Write out every record below exactly as given. Leave the pictures out.

'''

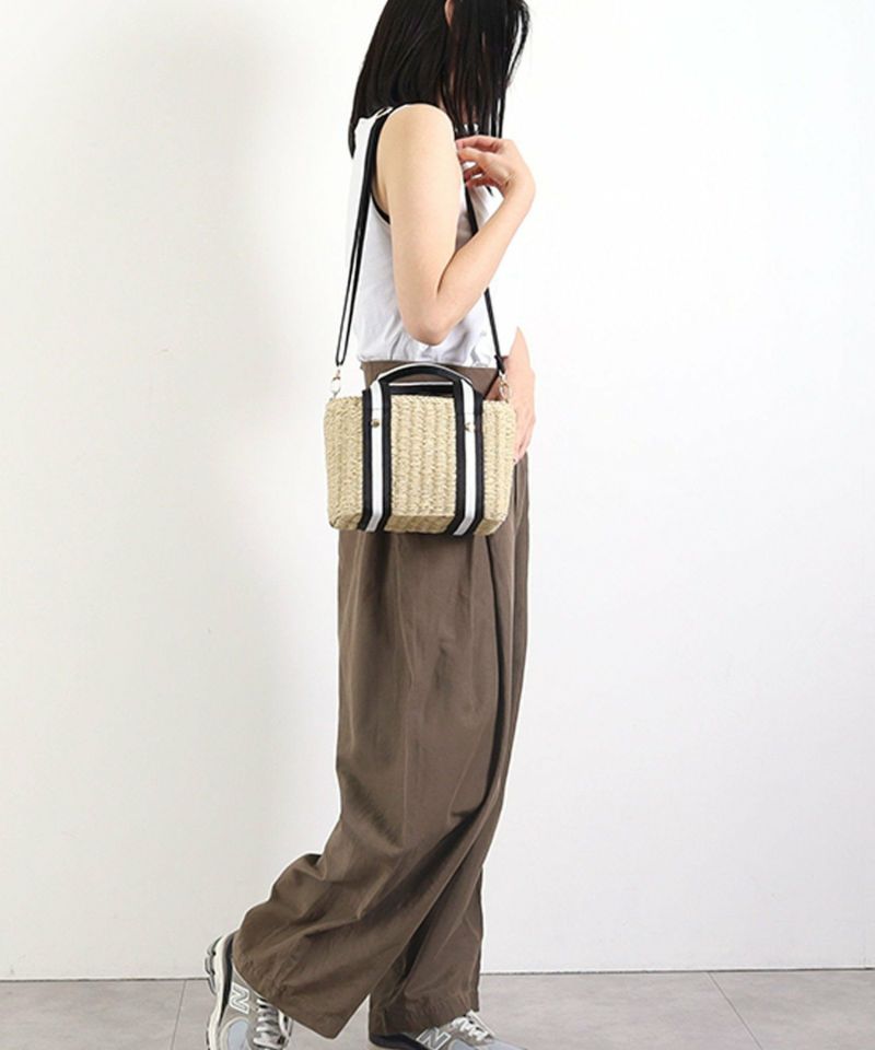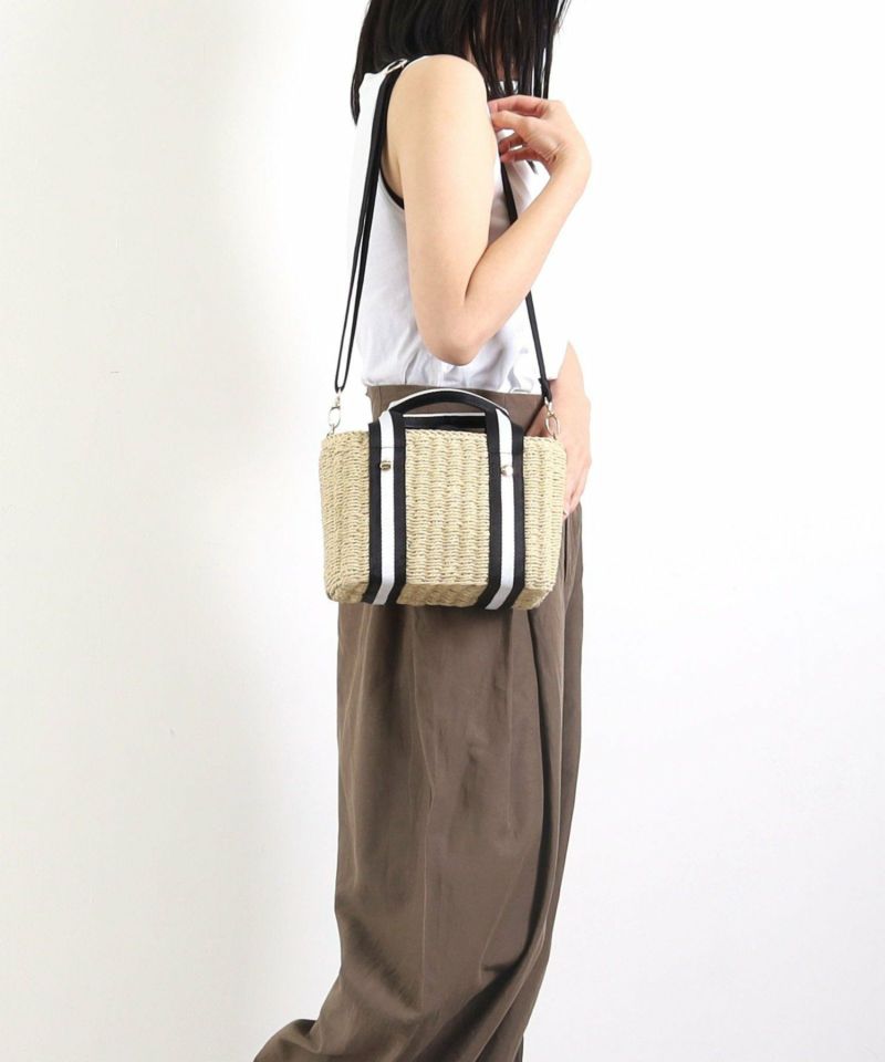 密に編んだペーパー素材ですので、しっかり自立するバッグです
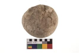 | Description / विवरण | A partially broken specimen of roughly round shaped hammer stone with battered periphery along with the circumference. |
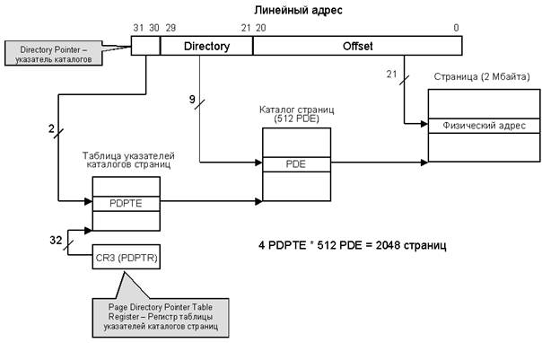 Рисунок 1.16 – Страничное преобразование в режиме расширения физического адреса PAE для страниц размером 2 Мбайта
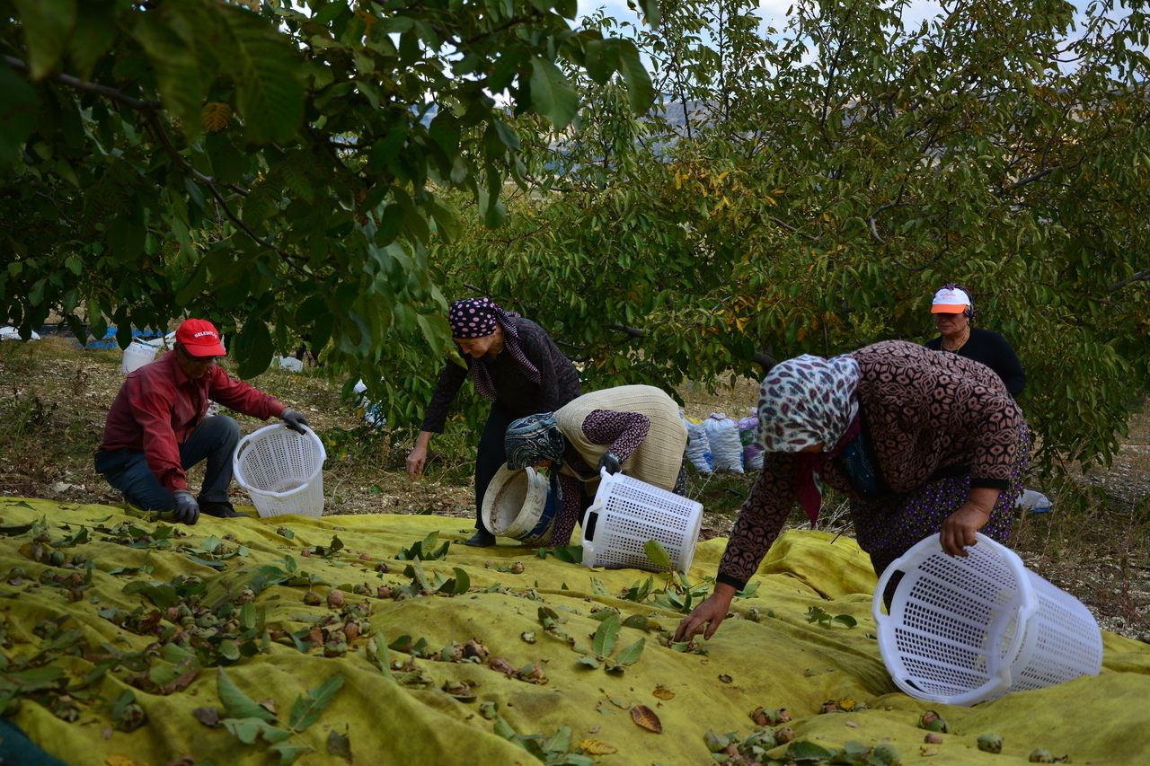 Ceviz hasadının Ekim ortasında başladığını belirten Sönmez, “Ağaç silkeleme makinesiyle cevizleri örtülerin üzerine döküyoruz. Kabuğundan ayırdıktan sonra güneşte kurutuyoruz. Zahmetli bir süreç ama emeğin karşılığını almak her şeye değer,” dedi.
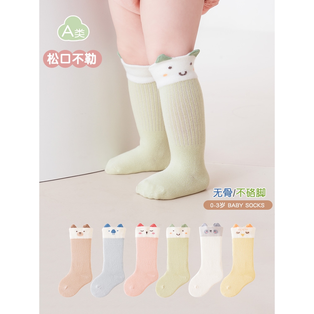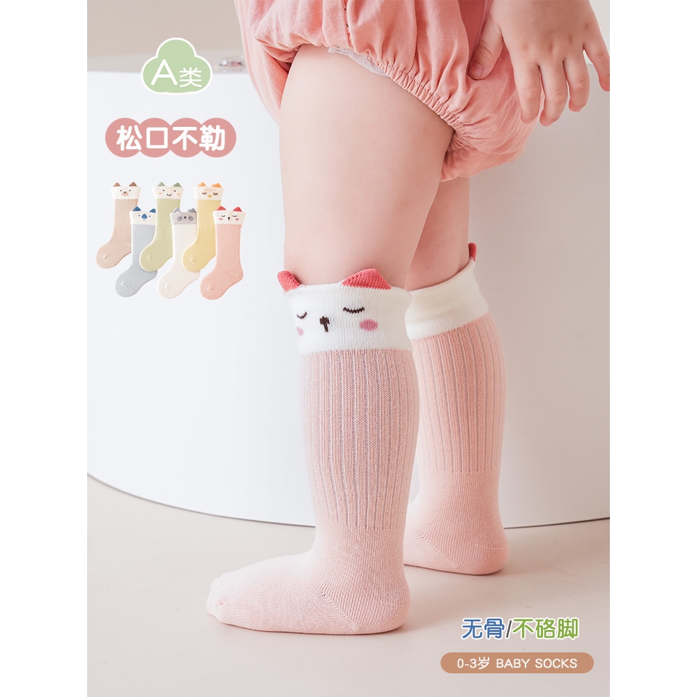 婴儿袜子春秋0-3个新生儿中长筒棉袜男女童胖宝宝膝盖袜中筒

'''

**EXERCISE ANSWER**
 密に編んだペーパー素材ですので、しっかり自立するバッグです
 | Description / विवरण | A partially broken specimen of roughly round shaped hammer stone with battered periphery along with the circumference. |
 Рисунок 1.16 – Страничное преобразование в режиме расширения физического адреса PAE для страниц размером 2 Мбайта
 Ceviz hasadının Ekim ortasında başladığını belirten Sönmez, “Ağaç silkeleme makinesiyle cevizleri örtülerin üzerine döküyoruz. Kabuğundan ayırdıktan sonra güneşte kurutuyoruz. Zahmetli bir süreç ama emeğin karşılığını almak her şeye değer,” dedi.
 婴儿袜子春秋0-3个新生儿中长筒棉袜男女童胖宝宝膝盖袜中筒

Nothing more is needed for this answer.